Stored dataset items
= = =

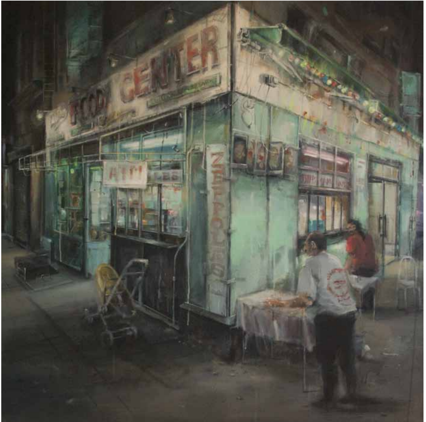
LETICIA GASPAR, Fast living , 2016. Acrylic on canvas. 120 x 120 cm
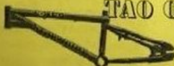
TAO OF GROUND

Lengthy Top Tube:20.5" Wheel Base:37" Chain Stays:14.4" HeadTube Angle:74.5 Seat Tube Angle:71
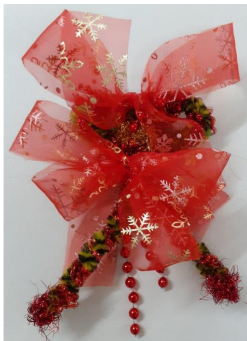
Xmas decoration, Tia. Mixed media

Two edited extracts offer some context. The first is from a research digest commissioned by the Lloyds
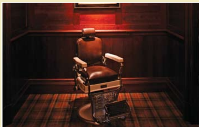
The barber chair was brought from Sawgrass Country Club years ago.
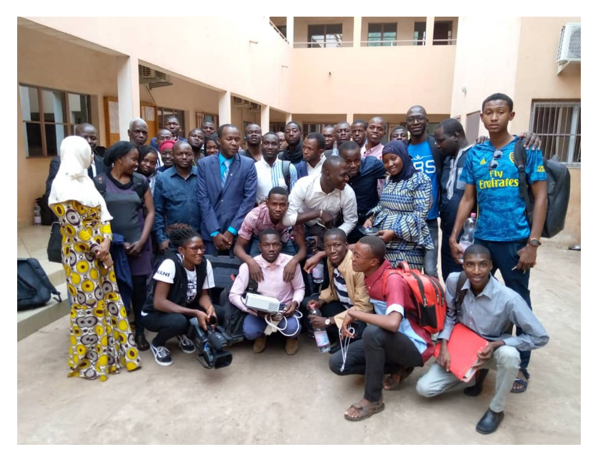
Journalism students at the ESJSC in Bamako, 11 March 2020
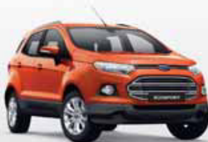
Mars Red ^

= = =

■ WORK ORDER
Search the entries for the word "from" and pick out every line that holds it.

■ RESPONSE TO THE TASK
Two edited extracts offer some context. The first is from a research digest commissioned by the Lloyds
The barber chair was brought from Sawgrass Country Club years ago.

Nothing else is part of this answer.